- Biawak Location within Borneo
- Coordinates: 1°37′00″N 109°42′00″E﻿ / ﻿1.61667°N 109.7°E
- Country: Malaysia
- State: Sarawak
- Elevation: 60 m (200 ft)

= Biawak =

Biawak (also known as Kampung Biawak) is a settlement in Lundu District, Sarawak, Malaysia. It lies approximately 70.6 km west of the state capital Kuching, very close to the border with Indonesian Kalimantan.

The name biawak is the Malay word for big lizard such as monitor lizard, iguana etc.

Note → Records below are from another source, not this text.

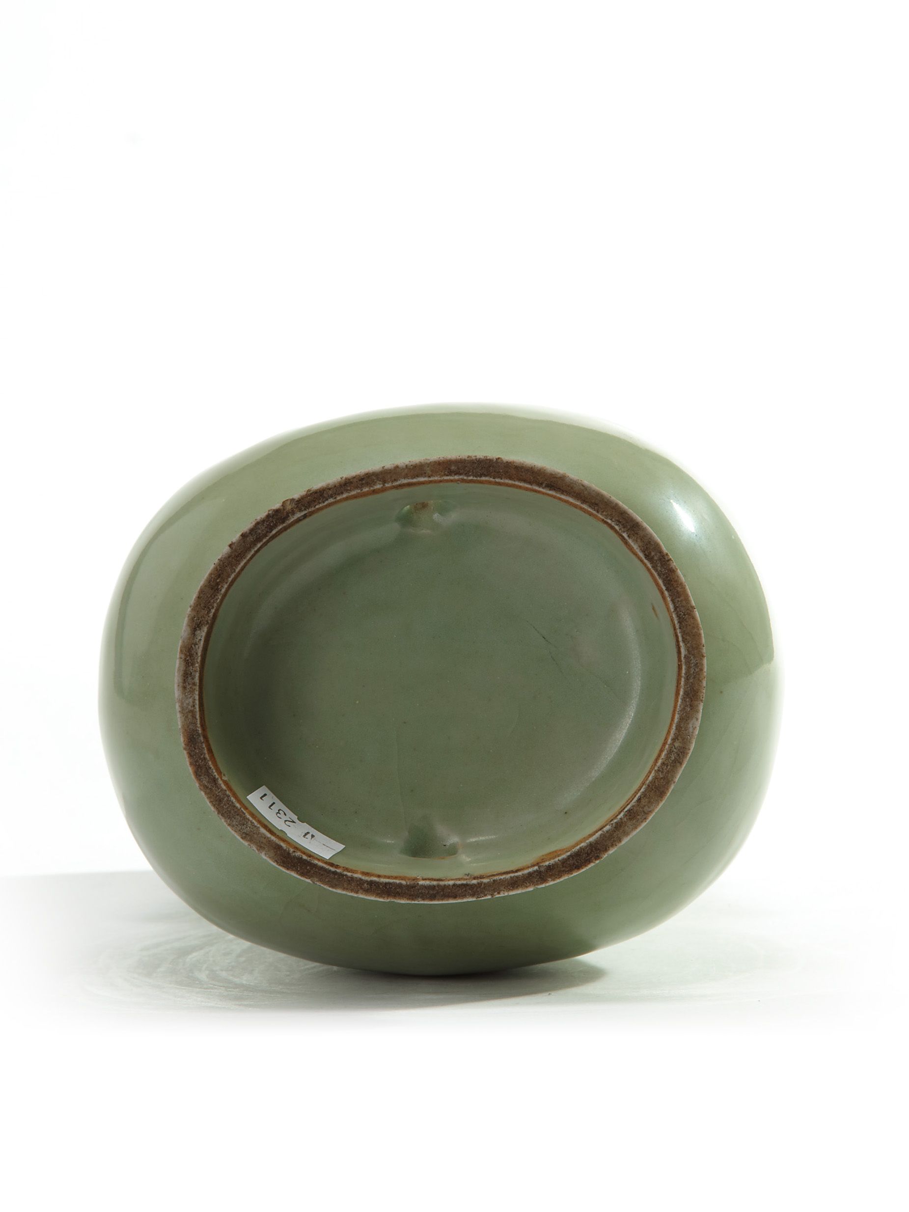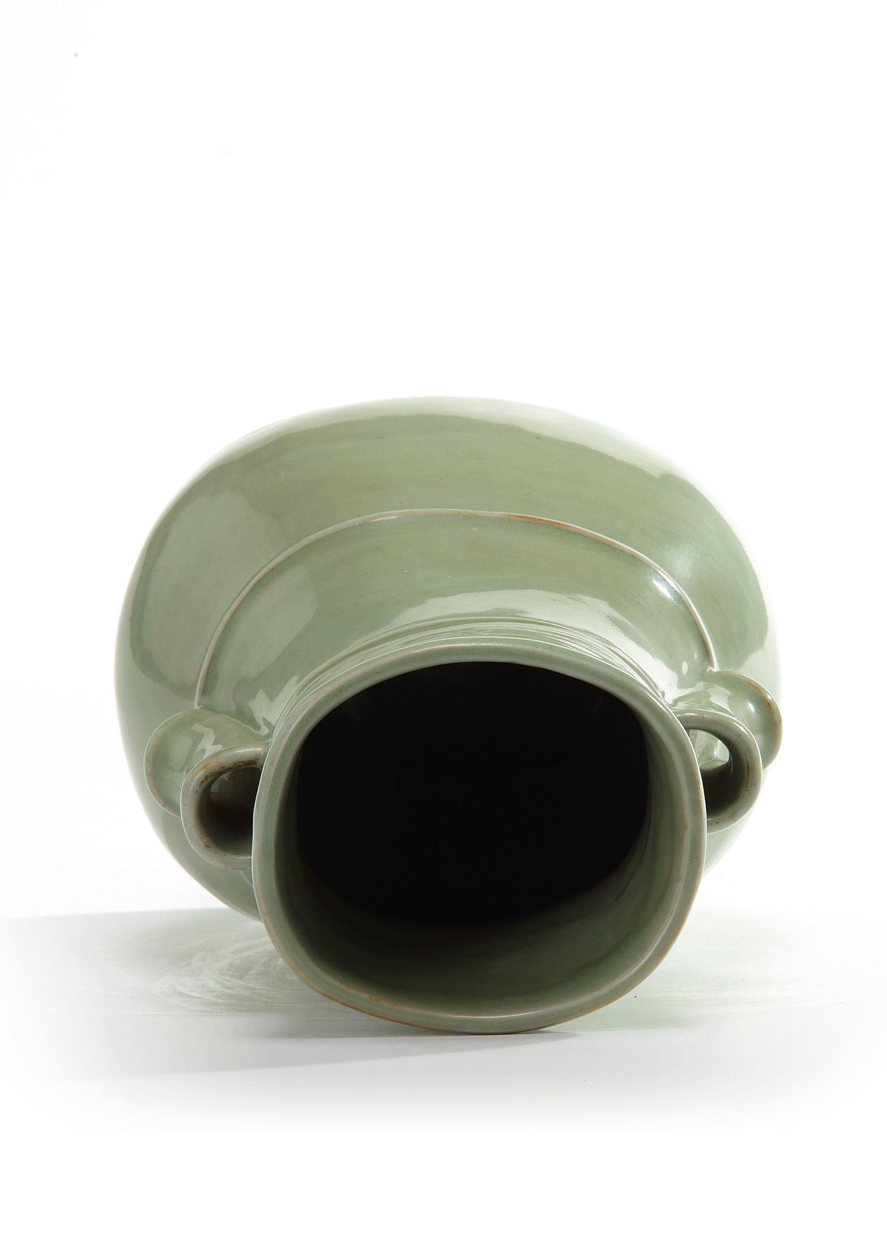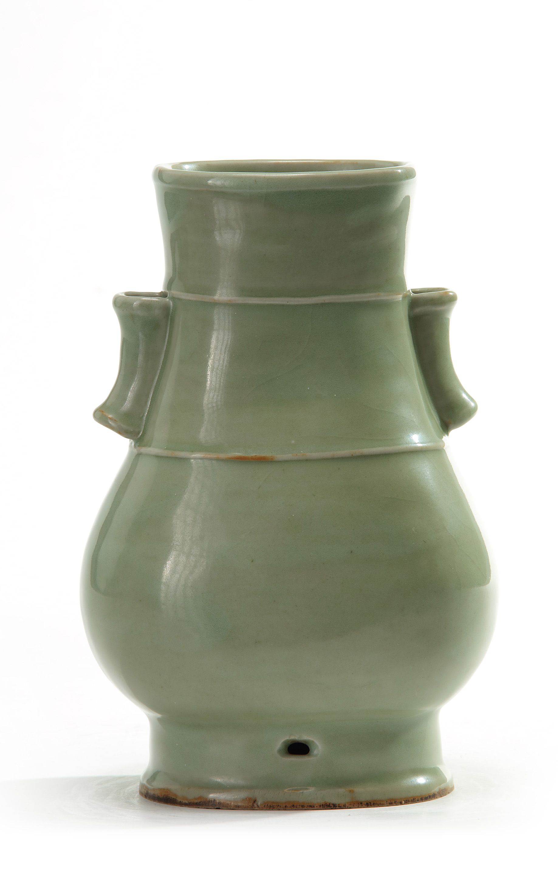 The vase is potted with a slightly everted rim and decorated with two cylindrical handles and covered overall with an olive green crackled glaze. The foot with two apertures for suspension.
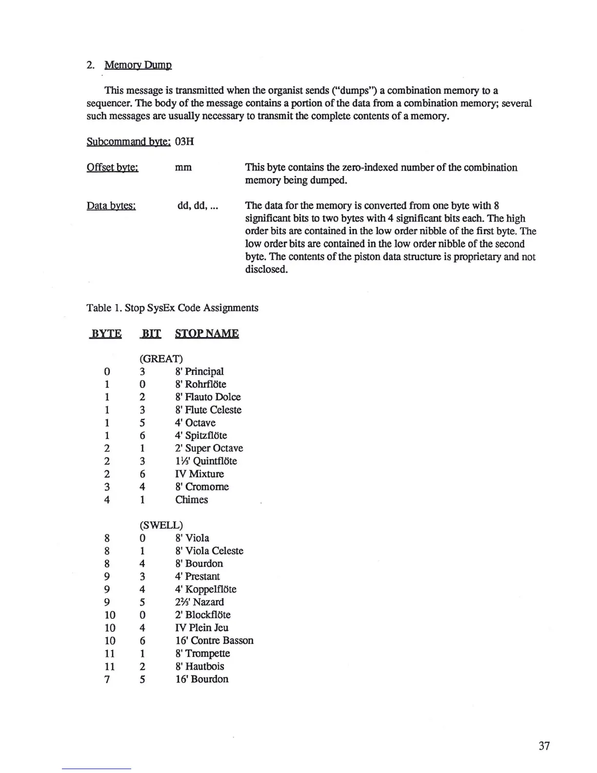 This message is transmitted when the organist sends ("dumps") a combination memory to a
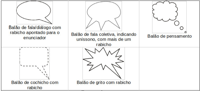 Cada tipo de balão foi criado para expressar uma determinada ação, como pode ser observado na Figura 3:
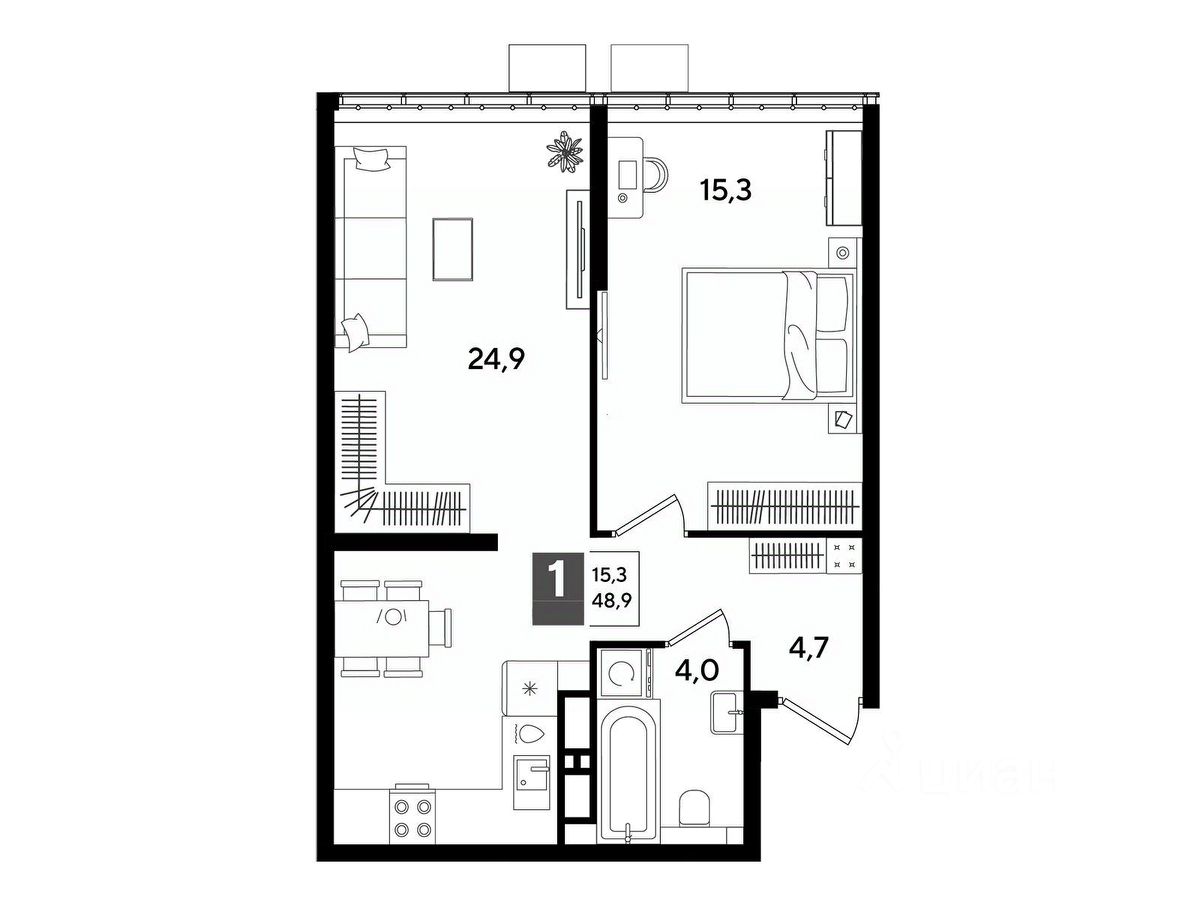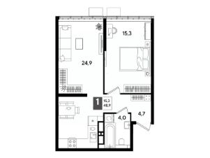В продаже 1-комнатная квартира от застройщика! Мкр. "DOGMA PARK" г. Краснодар, Литер 18 Срок сдачи: 4 кв. 2027, общей площадью 48.9 кв.м., на 16 этаже.
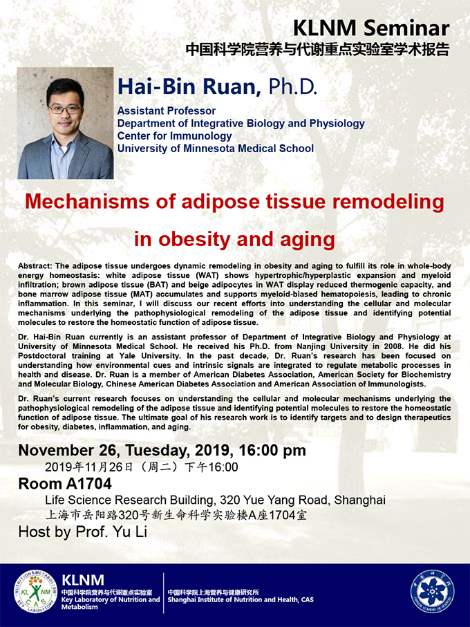 中國科學(xué)院營養(yǎng)代謝與食品安全重點實驗室學(xué)術(shù)報告:Mechanisms of adipose tissue remodeling in obesity and aging
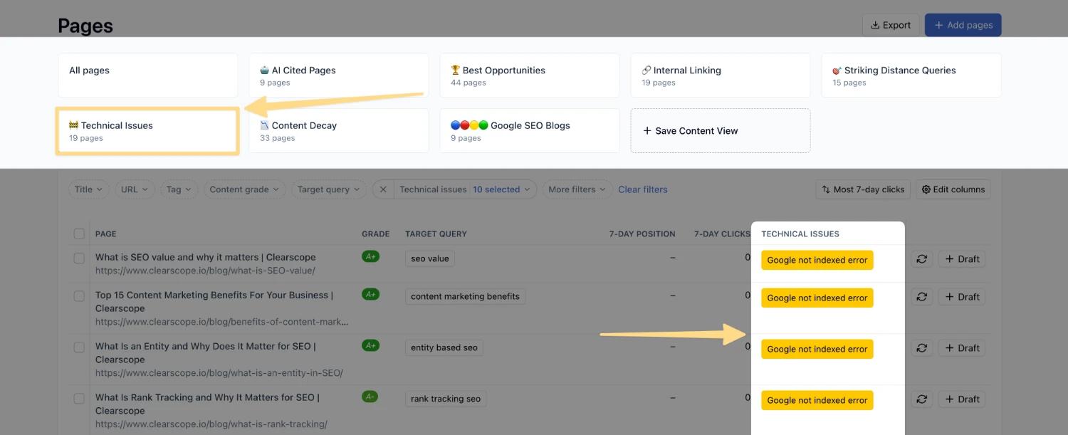 Search engine visibility starts with proper indexing. If your pages aren’t being crawled or indexed, they won’t appear in search results - no matter how well-optimized the content is. The Technical Issues Content View helps you catch these problems early, so you can take action before they impact traffic, rankings, or performance.

Neighbouring settlements include:
- Kampung Pasir Ulu 1.9 km north
- Kampung Pasir Tengah 3.7 km east
- Kampung Jantan 5.9 km north
- Kampung Tanjam 8.3 km northeast
- Tanjan 8.3 km northeast
- Kampung Kerengga 8.3 km northeast
- Kampung Menera 9.5 km east

A border crossing into Indonesia is located near the settlement. The Malaysia immigration, customs, quarantine and security checkpoint is called the Biawak ICQS checkpoint while the Indonesian border crossing checkpoint is Aruk, located in Sambas Regency, West Kalimantan.